Mentor: Ganneff / FTPMaster
Summary: Design and implement a Smart Upload Server for Debian package uploads
- Python programming
Currently, Debian employs an FTP based upload solution known as the "Upload Queue" to handle uploads and a queue daemon, debianqueued, to manage these uploads. Should uploads pass a basic test such as successfully passing a GPG key check they are copied to the real archives incoming folder folder.
This has several drawbacks: Besides running an ftp server, nothing in the upload knows what is coming in until the last file (the .changes describing the actual upload) has finally been transmitted. As such the debianqueued must make several assumptions when seeing a (yet) incomplete upload.
This should be changed to an upload server that has full knowledge of debian packages and uploads. Contrary to now, uploads should start by sending the .changes file describing the upload first. The new upload server can then already do basic checks, and in case of errors, immediately tell the user. Especially for maintainers of large packages (think kernel or OpenOffice.org for example) this will help a lot. The new upload server can then also do a set of checks done on binary and source packages at the time it receives them, further helping the "test early, report early" mantra. And results of those checks are stored for later usage in dak, not needlessly duplicating the work in two tools.

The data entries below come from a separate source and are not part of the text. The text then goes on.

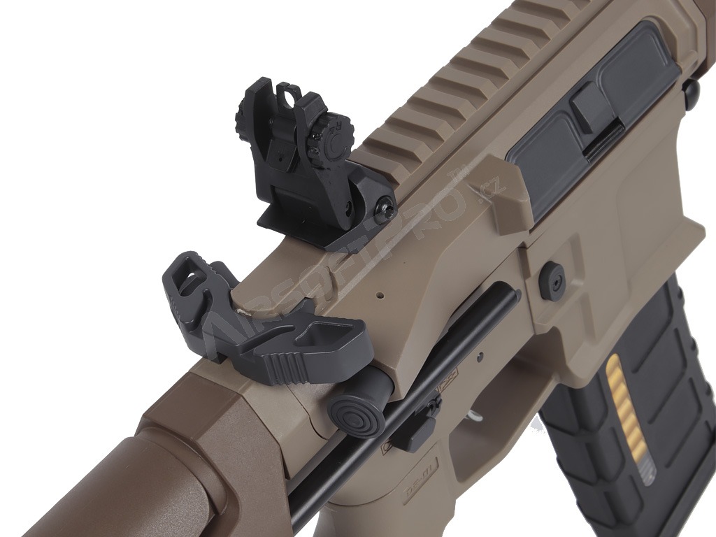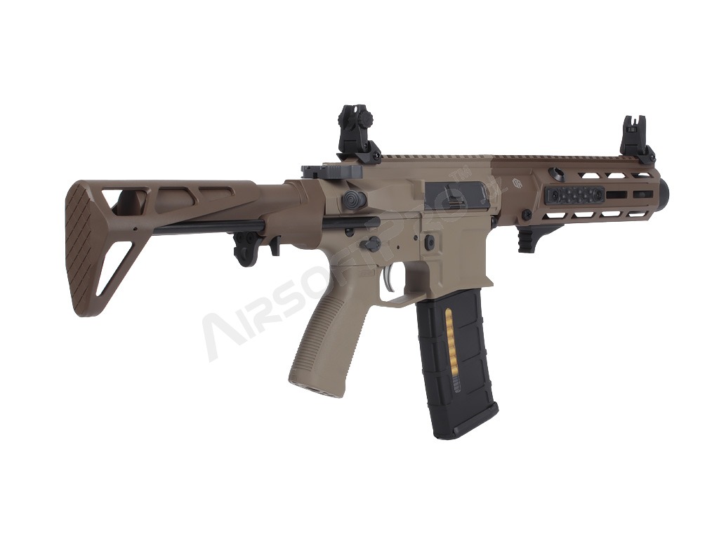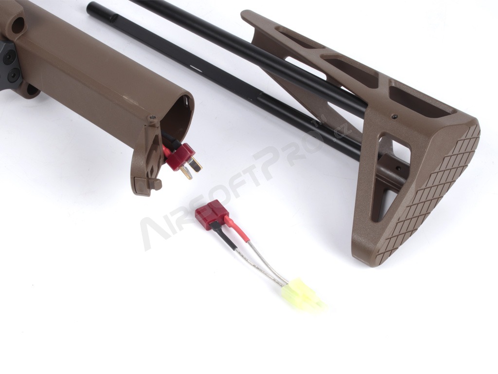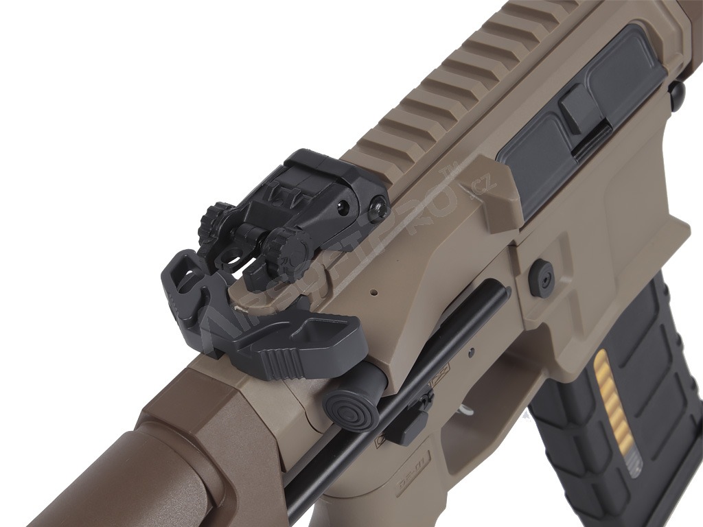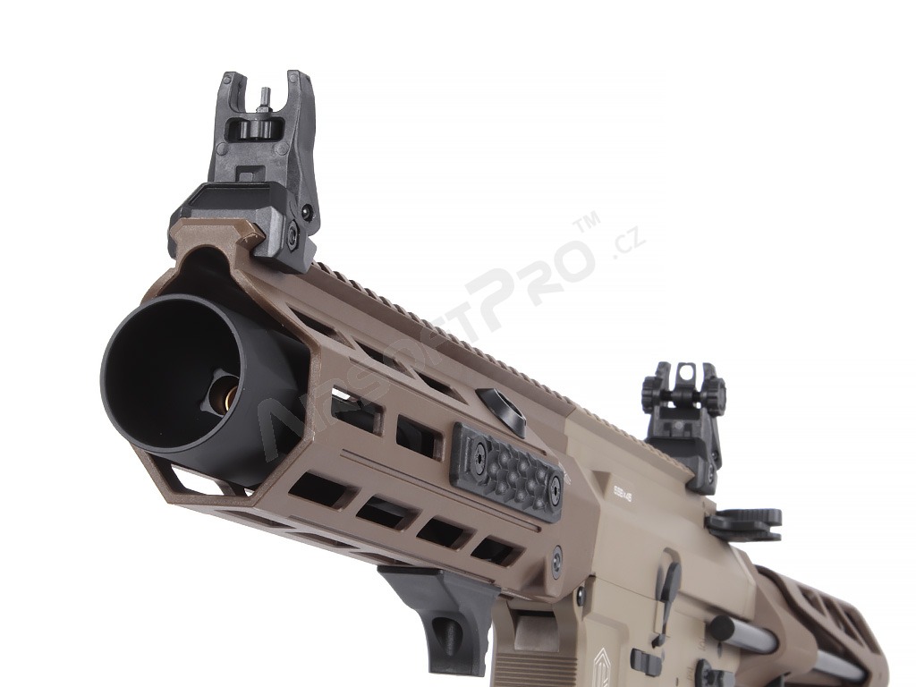 El cuerpo de polímero ligero con piezas metálicas mantiene el peso total agradablemente bajo - sólo 2,26 kg - sin dejar de ser lo suficientemente duradero para los despliegues de airsoft de combate. La ligera culata retráctil ajusta la longitud de 622 a 735 mm (4 posiciones), las miras plegables permiten utilizar fácilmente un colimador y el antebrazo M-LOK ofrece espacio para un montaje modular. El interruptor de disparo ambidiestro, la moderna palanca de armado del cerrojo y el tope de cerrojo funcional garantizan un manejo cómodo. El eficaz amplificador de sonido de aluminio añade un potente efecto acústico al disparar.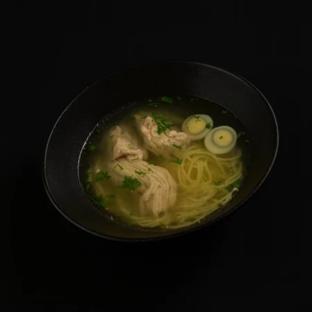 Ароматный куриный бульон, яичная лапша, перепелиные яйца, куриное филе, зелень.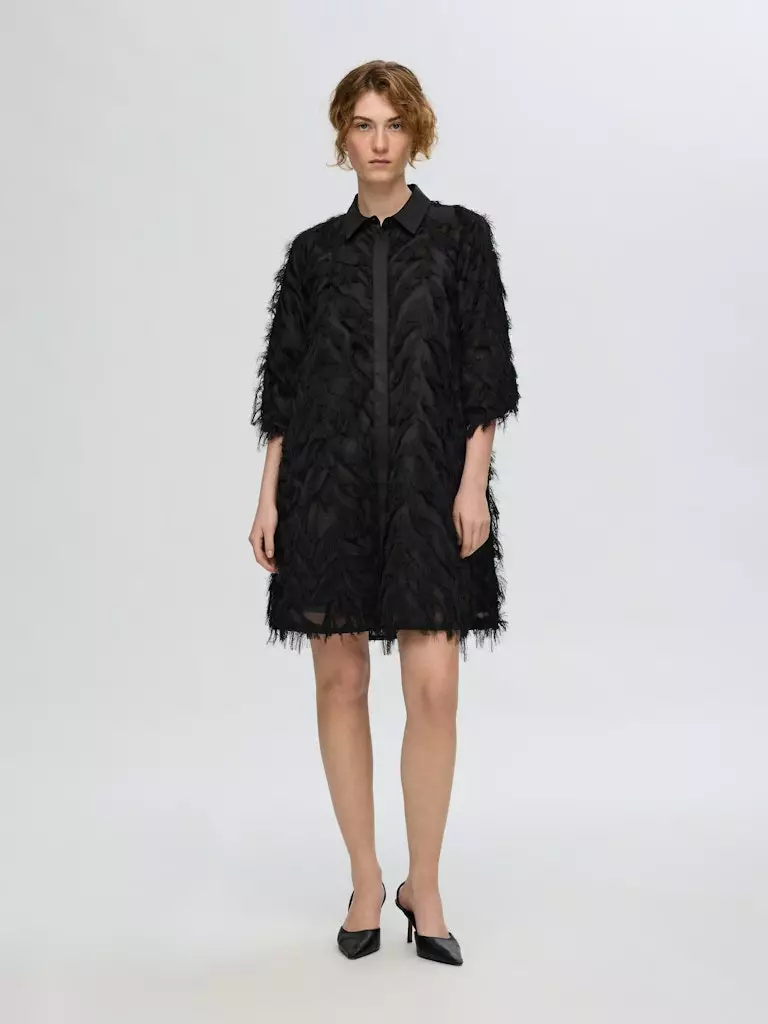 Lisää vaatekaappiisi ripaus glamouria tällä teksturoidulla vuorellisella paitamekolla. Se on valmistettu kiiltävästä satiinista ja siinä on höyhenenkaltaisia yksityiskohtia, ja viehättävä minipituus tekee siitä täydellisen valinnan. Yhdistä mekko korkokenkien ja kultaisten korvakorujen kanssa. Mukana irto vyö.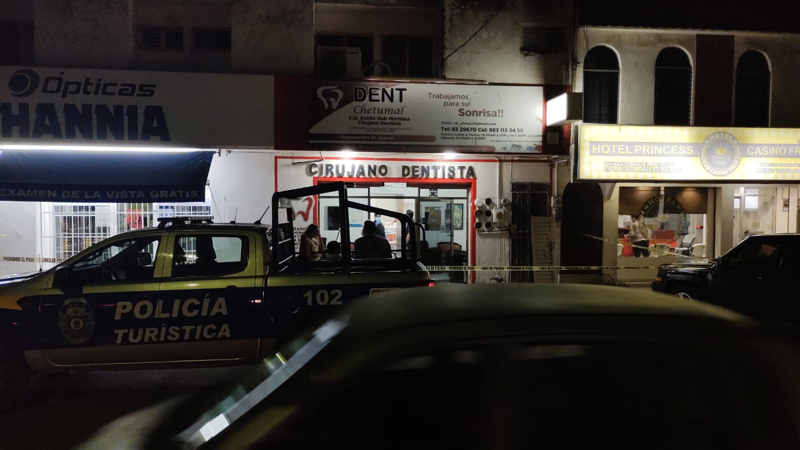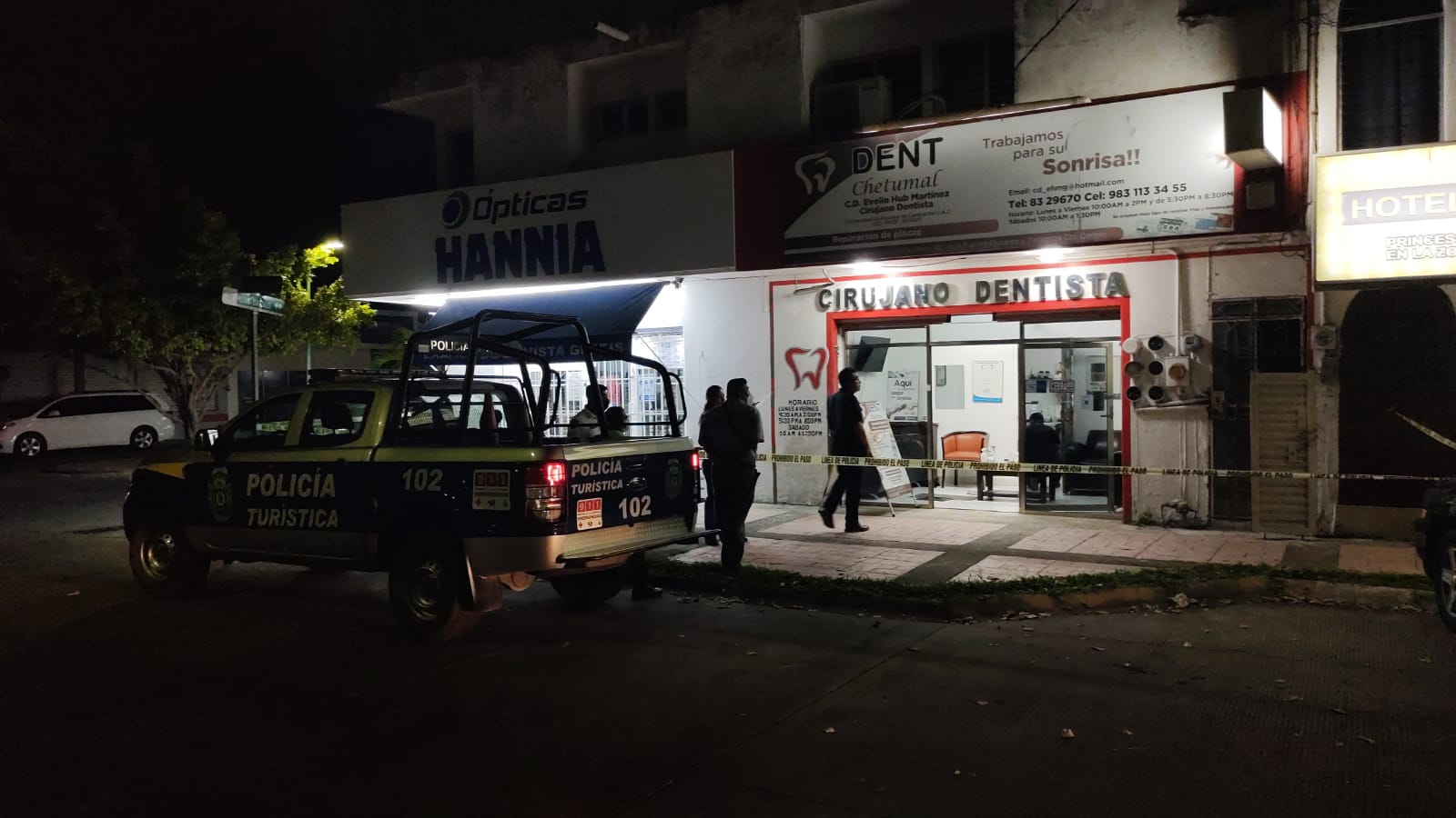 El hecho ocurrió aproximadamente a las 9 de la noche, en la clínica dental denominada Dent Chetumal, que se encuentra ubicado en la avenida Benito Juárez con avenida Plutarco Elías Calles de la colonia Centro, donde tres individuos armados con pistolas tipo escuadra y con la cara cubierta, llegaron al lugar a bordo de un coche color blanco.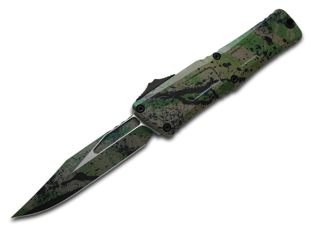 Microtech Knives, LLC™ Combat Troodon Gen 3 OTF 1146-1ODTA BKSPLS Black Splatter Camo 7075-T6 Aluminum M390MK Stainless Steel Pocket Knife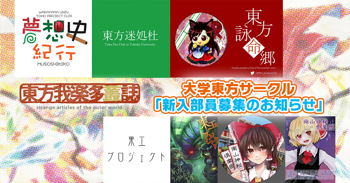 ご投稿いただいた大学東方サークルの皆さま、ありがとうございました! 東方我楽多叢誌では大学東方サークルの活動を応援しております。文化祭や課外活動など、大学内外の方に広めたい活動などがありましたら、ぜひ東方我楽多叢誌のお問い合わせにお送りください。毎週の東方ニュースにユーザープレスリリースとして取り上げさせていただきます!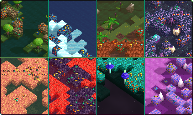 Discover procedurally generated maps with unique biomes (arid, volcanic, frost, ...) and shapes (dense, archipelago, river, ...). Enjoy a beautiful 3D pixel art style with dynamic lighting. Find useful structures like treasures or shrines.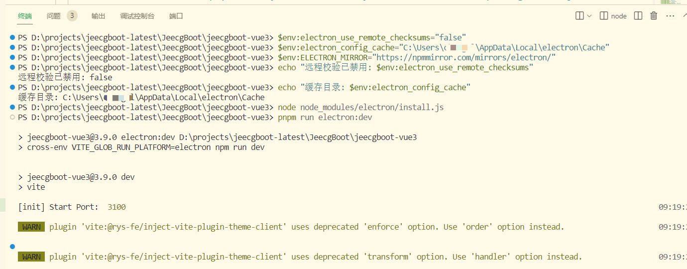pnpm install,其他依赖安装好了后,再单独安装electron。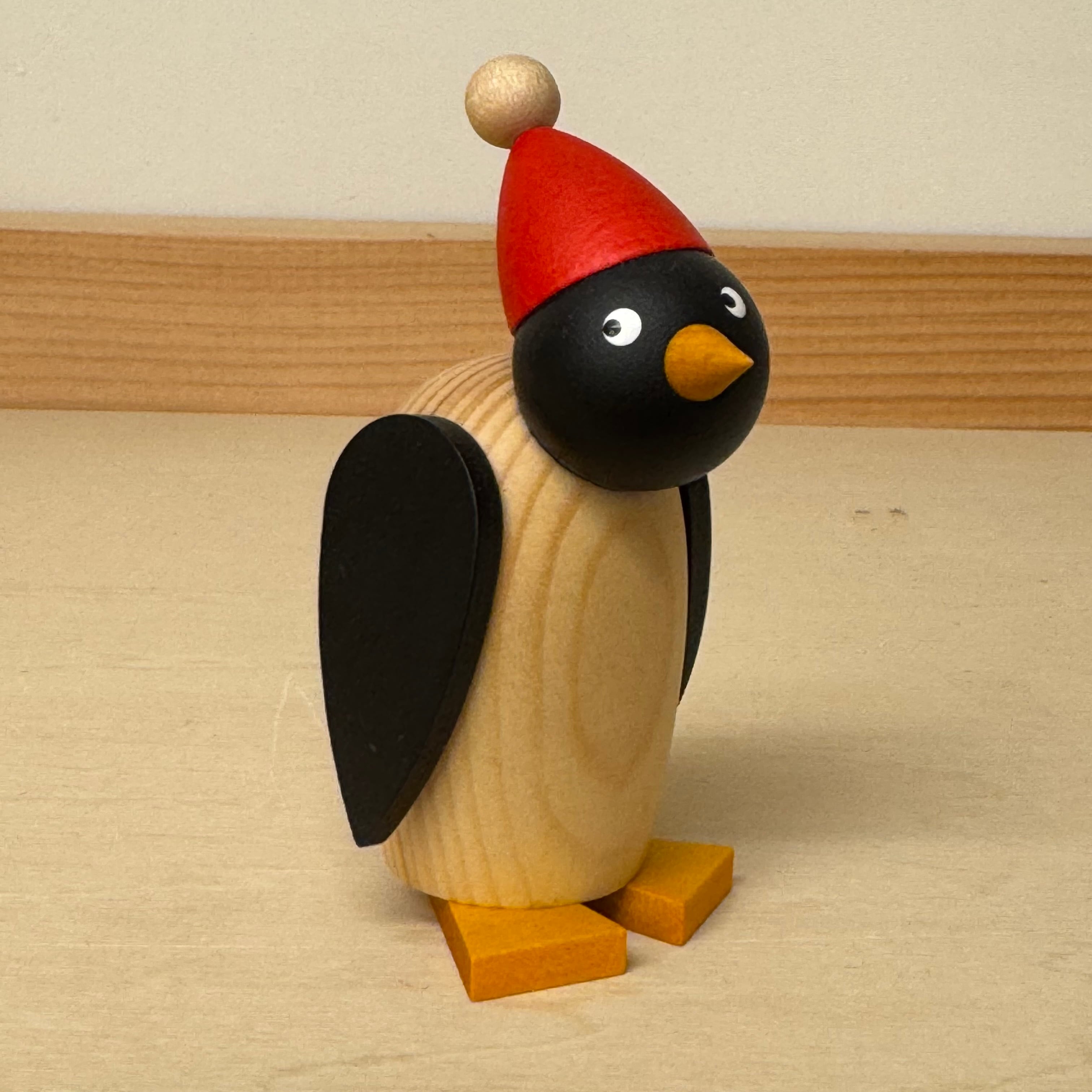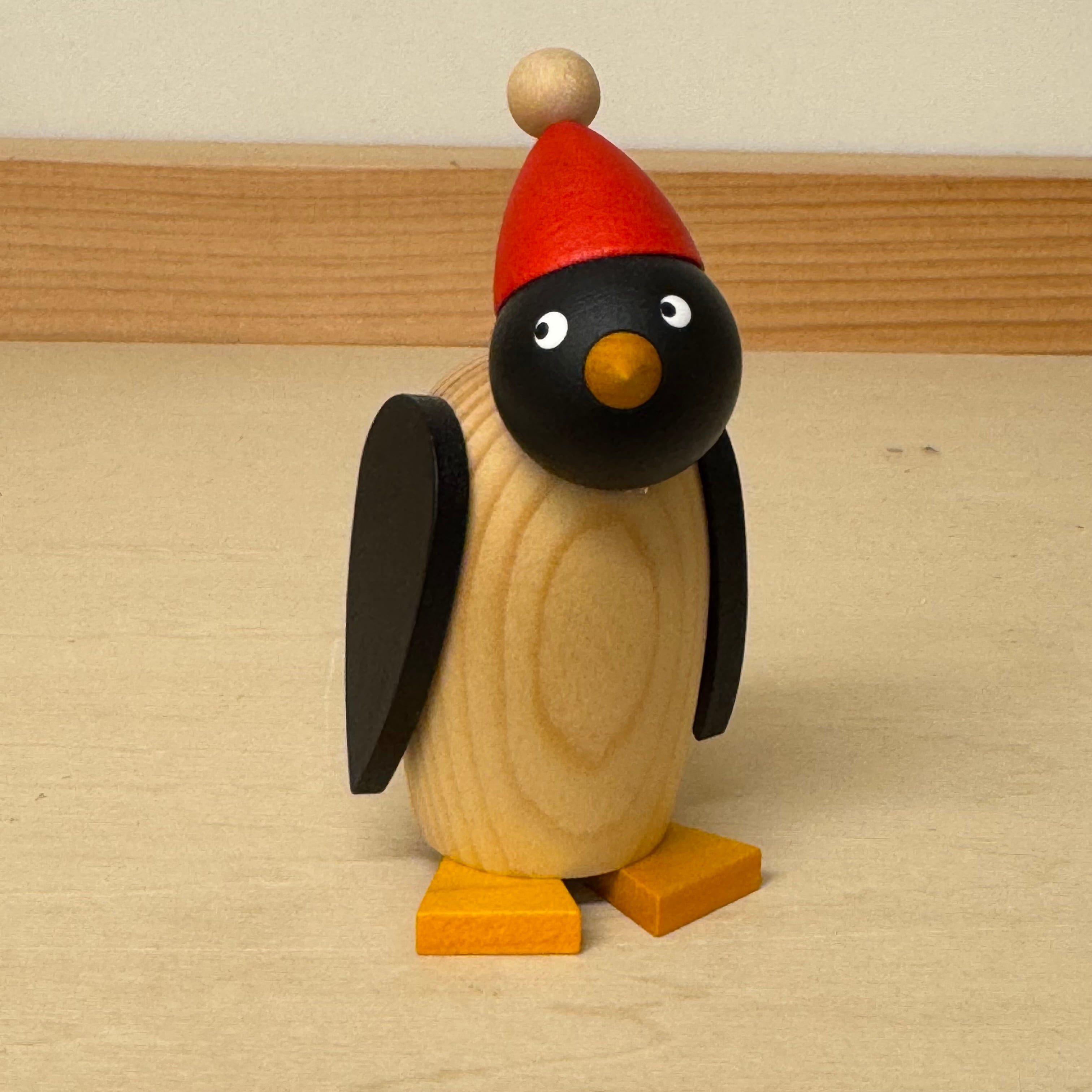 工房でも人気のペンギン、クリスマスにぴったりな赤い帽子を被って登場です。こちらは、大きなペンギンです。

If time permits, the archive could be adapted as far as having instant ACCEPTance or REJECTion of a package at upload time, instead of having to wait until the next run of such a process triggered by cron.
This project needs to
- find a sane way of implementing this (using webdav? http post? own server? - though own server should be only the very last option selected. Use existing protocol for the transfer!
- define a proper "protocol" between server and upload clients
- implement it in a well known and supported framework in python and dak.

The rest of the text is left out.